HC Deb 09 January 2003 vol 397 cc313-4
20. Andrew Mackinlay (Thurrock)

To ask the Solicitor-General if she will make a statement on her policy relating to prosecution of offences under the Official Secrets Acts. [89226]

The Solicitor-General (Ms Harriet Harman)

The Attorney-General's consent is required to bring a prosecution for most offences contrary to the Official Secrets Acts 1911 or 1989. The Attorney-General considers first whether there is enough evidence to provide a realistic prospect of conviction. If there is sufficient evidence, the Attorney-General considers whether a prosecution is needed in the public interest. The more serious the offence the more likely it is that a prosecution will be needed.

Andrew Mackinlay

Ah, so the Attorney-General is to blame then. Next time, I wonder whether the right hon. and learned Lady will counsel her clients in the security and intelligence services that the Official Secrets Act is a deficient and blunt instrument, as well as one that does not meet European norms. Cases such as Shayler, Ponting or Sarah Tisdall, where the judge says, "You wicked, wicked man—six weeks in the slammer", really do not advance national security. We need new, modern legislation that will protect our critical interest as well as allowing justice to prevail and allowing people to give the truth when there has been bad mismanagement or irregularity in the security and intelligence services.

The Solicitor-General

My hon. Friend makes three points. The first was on whether we are compliant with our European obligations. The House of Lords has considered the Official Secrets Act and has decided that it is in compliance with the Human Rights Act 1998.

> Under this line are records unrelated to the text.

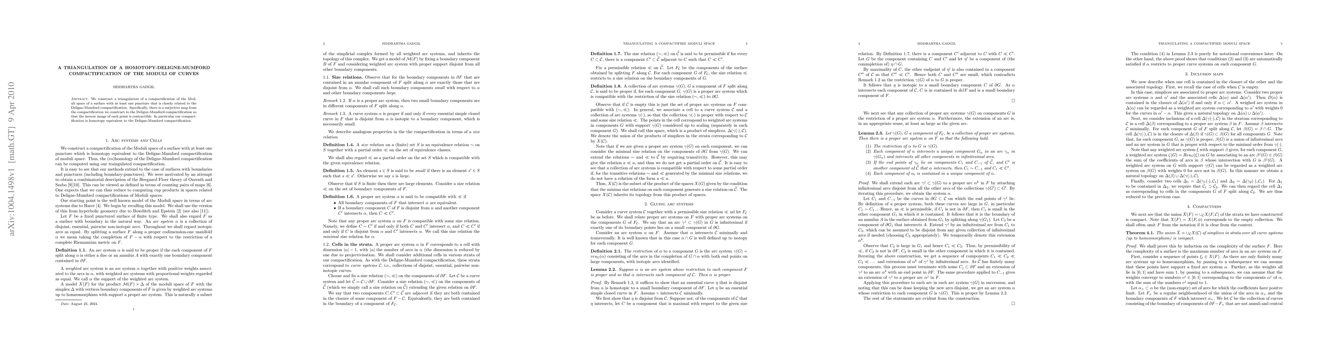 The paper constructs a new triangulation for a homotopy-equivalent compactification of the Moduli space of curves, showing a surjective map to the Deligne-Mumford compactification where each point's preimage is contractible. This new compactification is proven to be homotopy equivalent to the Deligne-Mumford compactification.
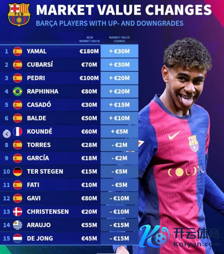 12月29日讯 《转会商场》在近日更新了西甲球员身价,并排出了巴萨球员身价变动情况,6东说念主高涨超1000万欧、4东说念主下落超1000万欧。 德转列巴萨身价变动:欧元 1.亚马尔,1.8亿,+3000万 2.库巴西,7000万,+3000万 3.佩德里,1亿,+2000万 4.拉菲尼亚,8000万,+2000万 5.卡萨多,3000万,+1500万 6.巴尔德,5000万,+1000万 7.孔德,6000万,+500万 8.费兰,2800万,-200万 9.加西亚,1800万,-200万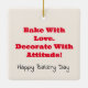 Este é um ornamento muito divertido para qualquer um que ama assar, mas especialmente decorar. A frente apresenta um padeiro que é fazer bolo de chocolate e joga esses aspersores por aí! As costas têm pequenos corações ouros atados. Na parte de trás, lê-se: "Assar Com Amor. Decorar Com Atitude!" Seguidamente, o "Feliz Dia da Padaria", que é anual na quarta sexta-feira, em setembro. Você pode alterar ou remover todo o texto na parte traseira e colocar o que quiser (ou seja, NOME, ANO) para se adequar ao seu destinatário. Desenhado por Sheila Cicchi, Brownielocks.com. Todos os Direitos Reservados. NOTA: devido ao estilo design, isso só pode ser para ornamentos SQUARE.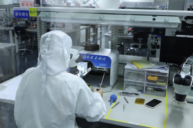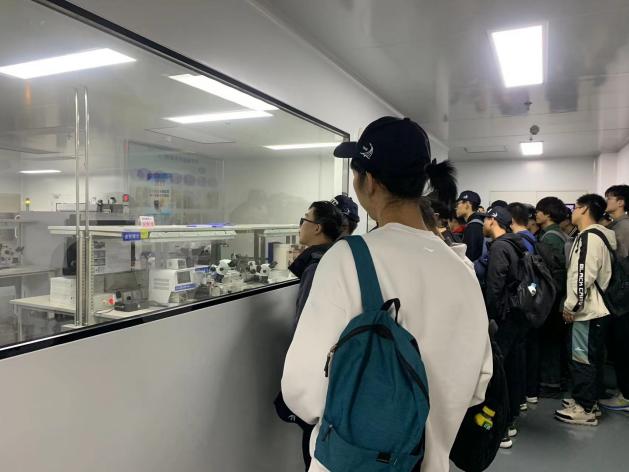 公司生产总监尚成伟首先带领大家参观展厅。从微小晶圆到裸芯片,从封装芯片到导弹、火箭模型等,尚总监为同学们详细讲解了这些产品背后的科学原理以及应用场景,课本中抽象的知识在同学们眼前化为一个个可触可感可用的工业产品。“如果将芯片从研发到投入使用的过程比作造房子,那么我们公司的任务就是造砖与砌墙”,在尚总监深入浅出地讲解下,同学们知晓了公司自主研发的各类射频和微波芯片的功能和基本构造。在陆续参观了研发部、质量部等部门工作的实验区域后,同学们初步了解了从晶圆到封测再到模组的整个芯片生产流程,对自己的所学的专业知识有了更深刻的认识和了解。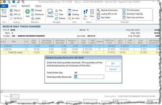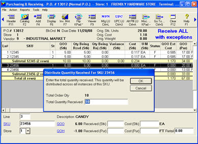 - Updates the DC's quantities on hand for the items received, and reduces the quantity on order in the individual stores accordingly.
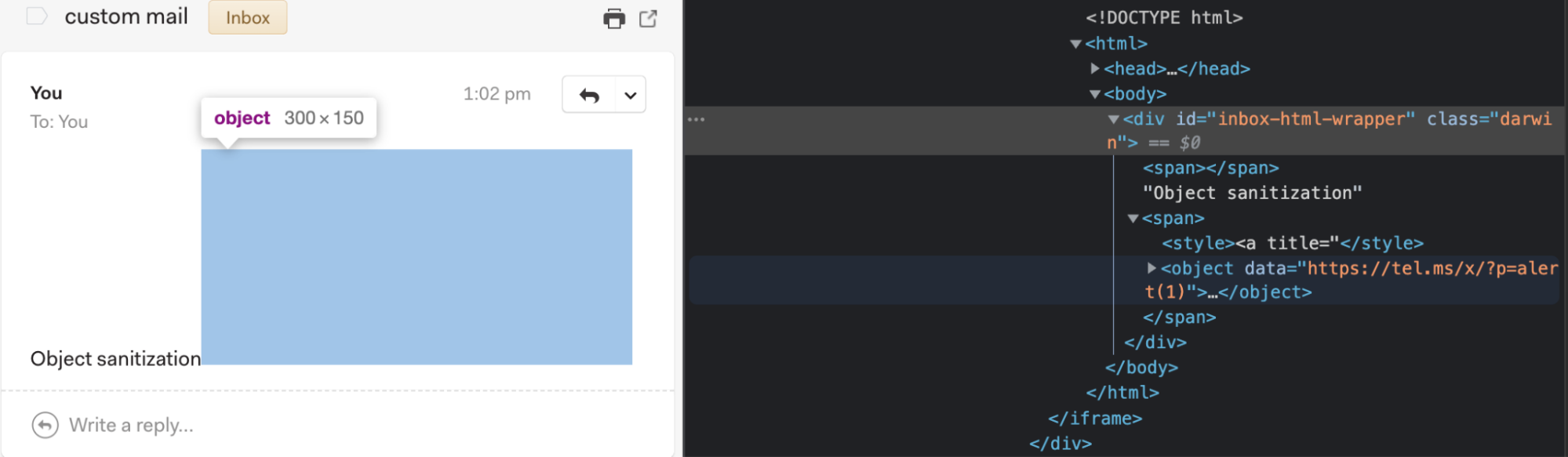 However, when sending a new payload that uses a malicious object tag to bypass the CSP, replying to/forwarding it, would mysteriously remove our tag. This did not happen for the initial payload with the img tag, so what is going on here?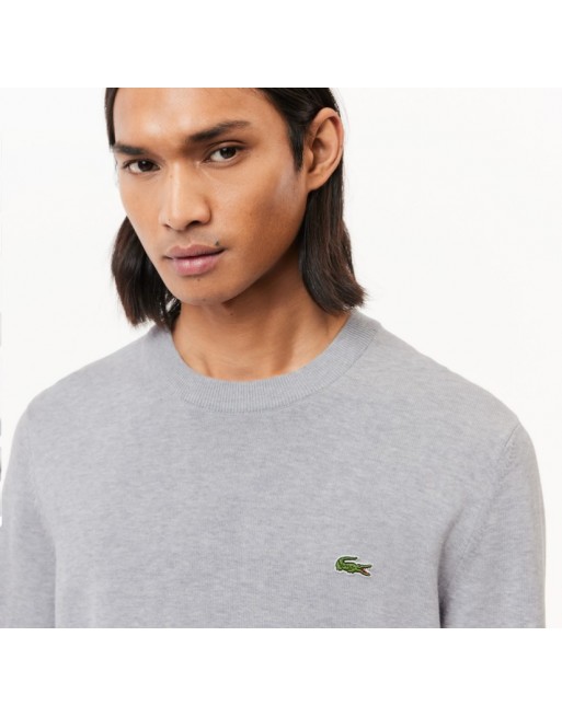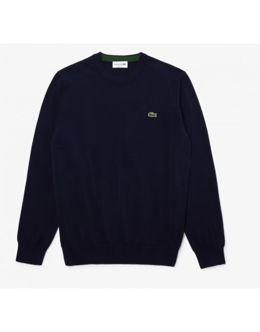 Pullover uomo con collo rotondo perfetto per aggiungere il tocco finale al proprio guardaroba. Un capo eco-friendly in jersey di misto cotone con finiture a costine, arricchito con un iconico coccodrillo verde sul petto.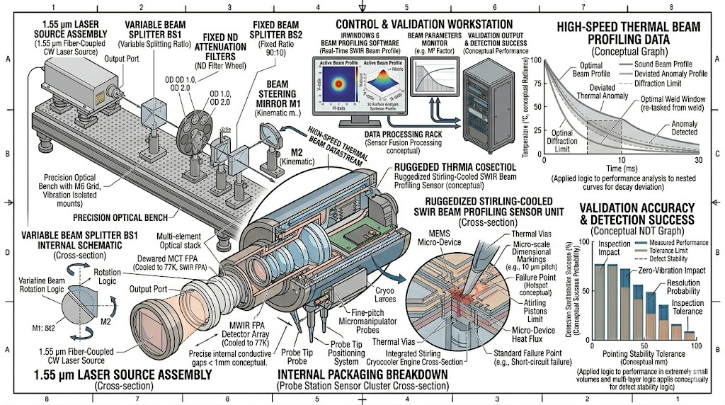 在現代自由空間光通訊 (FSO)、車載光達 (LiDAR) 與精密雷射加工領域,1.5 µm 至 2.5 µm 頻段的短波紅外線 (SWIR) 雷射因具備極佳的大氣穿透率且符合「人眼安全 (Eye-safe)」規範,已成為先進光電研發的主流。為了精確評估這些雷射的絕對光束質量 (M² factor)、發散角與空間能量分佈,利用二維感測陣列進行高解析度的雷射光束輪廓分析 (Laser Beam Profiling) 是驗證其光學效能的核心環節。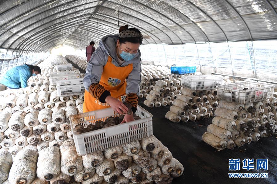 2月26日,肥西县铭传乡蘑菇种植基地农民在采摘蘑菇。 初春时节,安徽省肥西县铭传乡蘑菇种植基地的农民抓紧采摘蘑菇,供应市场。 新华社记者 刘军喜 摄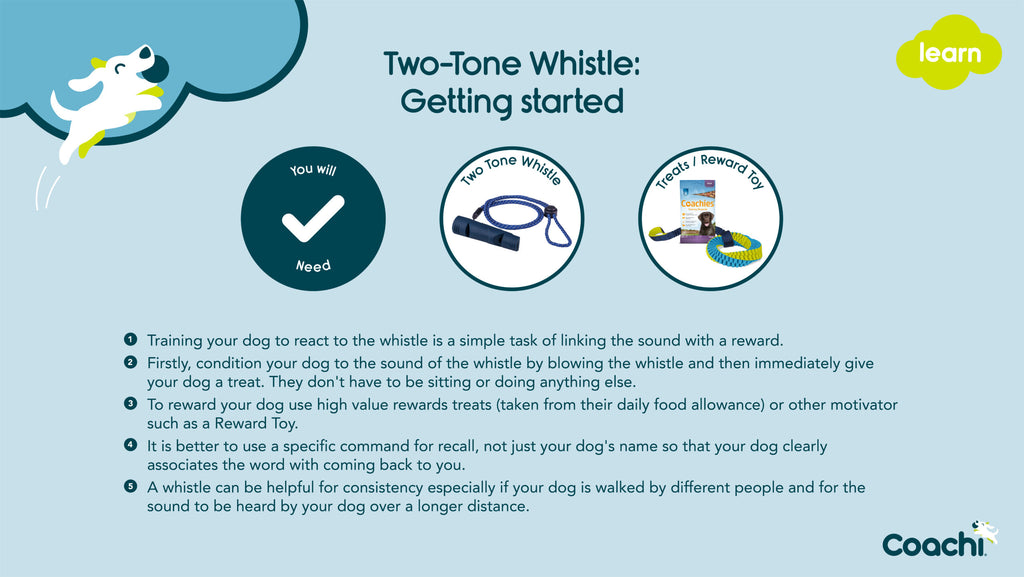 Whistles are great for recall training as they help to standardise commands and are really useful if different people are training or walking the same dog.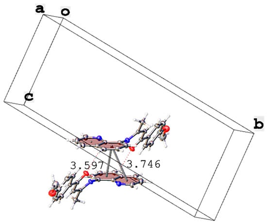 The stability of the crystal structure of compounds SB1–SB3 was attributed to intermolecular hydrogen bond interactions and π interactions between the quinolinic fragments. The hydrogen bond distances and symmetry coordinates for intermolecular interactions are detailed in Table 2. For SB1, an antiparallel displaced π–π intermolecular interaction between aromatic ring planes in quinoline moieties was observed. Each aromatic ring in a quinolinic fragment represents a plane, (-C12-N13-C14-C15-C16-) and (-C11-C12-C16-C17-C18-C19-), with each plane interacting with another aromatic ring (-C11-C12-C16-C17-C18-C19-)i of an adjacent quinoline moiety, with centroid–centroid distances of 3.597 and 3.746 Å and shift distances of 1.248 and 1.444 Å, respectively (Figure 4). In this conformation, the presence of weak intermolecular hydrogen interactions C17-H17···O2i of 3.370 Å (donor–acceptor distance), and C19-H19···O2ii of 3.480 Å, was observed.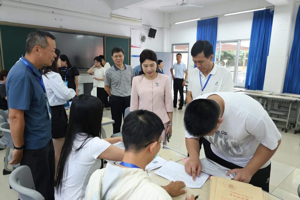 庄莉一行深入到迎新现场,了解报到流程、志愿者安排等情况,慰问奔波在迎新一线的师生员工。看到新生顺利办理入学手续,她主动上前与新生及家长交流,询问入学感受,鼓励新生珍惜职业教育学习机会。随后,就新生入学工作与职业学院负责人进行了交谈,对职业学院招生工作成效及高效流畅的迎新安排给予了肯定。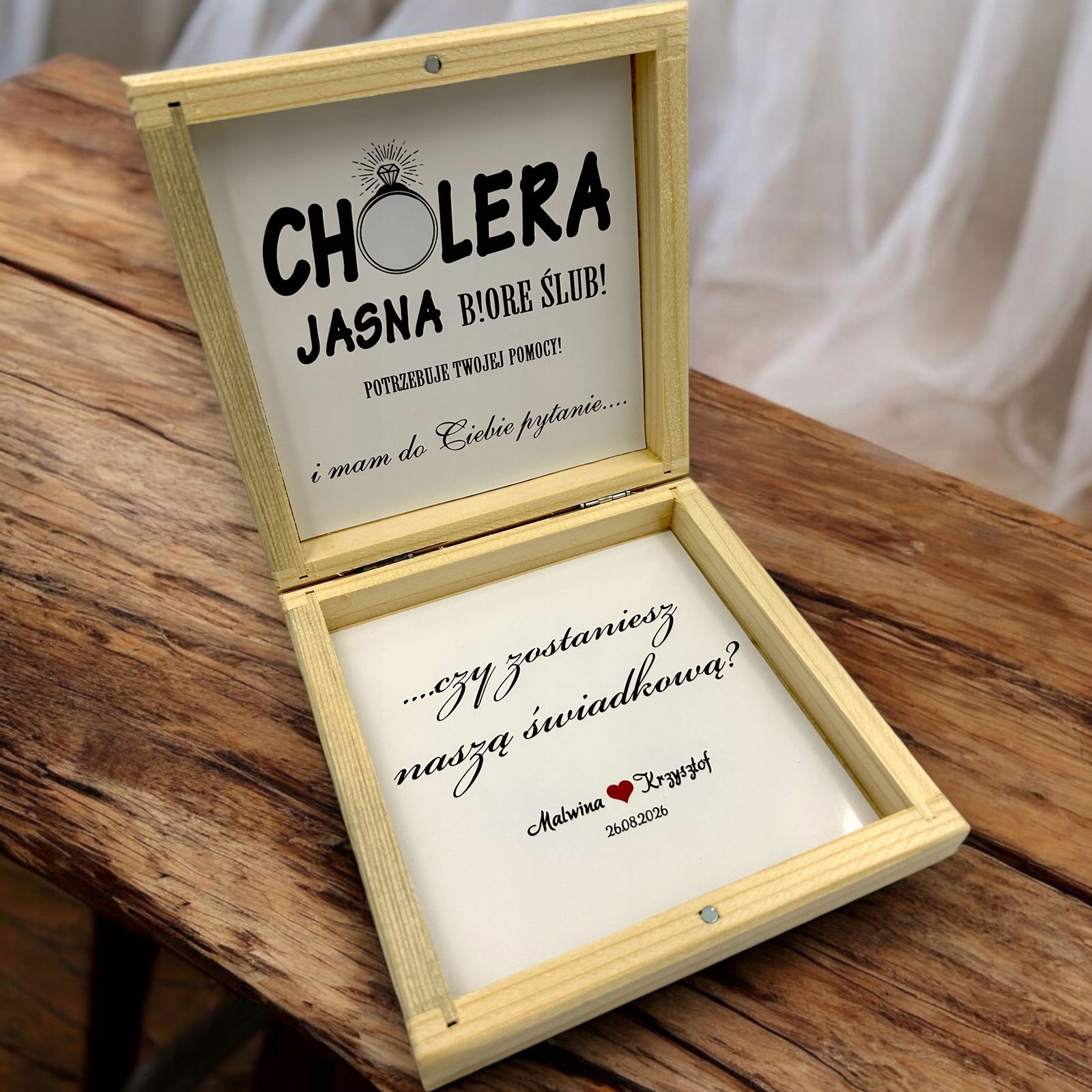 Powiedz Twojej przyszłej świadkowej, że bez niej nie idziesz – wręcz jej zaproszenie na ślub dla świadkowej w pięknym drewnianym pudełku.

I think that my hon. Friend's second point related to the sentence in the Shayler case. In fact, the judge said that his starting point would have been 18 months in the circumstances of that offence, but he reduced it because the offender had spent time in prison in France.

On new legislation, obviously the Home Office will keep that issue under review and I am sure that my hon. Friend's comments will have been heard.

Finally, on the accountability and lawfulness of the security services, it is obviously right that the security services are not above the law and that they should be accountable. We take that point very seriously.

Mr. Richard Bacon (South Norfolk)

On the point that the Solicitor-General has just raised, does she accept that the 1989 Act currently assumes that the internal procedures of the Security Service are incapable of failure? However, given that any procedure is capable of failure, should someone have to be put in the position of committing a crime in order to reveal a crime, without the possibility in law of entering a defence?

The Solicitor-General

I think that it used to be the case that it was assumed that the procedure was incapable of failure and that has, rightly, been looked at. The absolute prohibition on a member or former member of the security services giving out intelligence information is mitigated in relation to the public interest in a number of ways. First, as the hon. Gentleman understands, the person can tell their superiors. If that is not acceptable and the person does not want to do that, he can, if he is alleging unlawfulness, go to the Director of Public Prosecutions, the Attorney-General or the Commissioner of Police of the Metropolis. If someone applies to give out information and is refused by his management, he can judicially review that decision as unreasonable. Of course, we also have the Select Committee which scrutinises the security services. I agree with where the hon. Gentleman is coming from: we must have the right opportunities for unlawful actions to be disclosed if they are taking place, but I hope that the procedures that I have described are actually working in that way.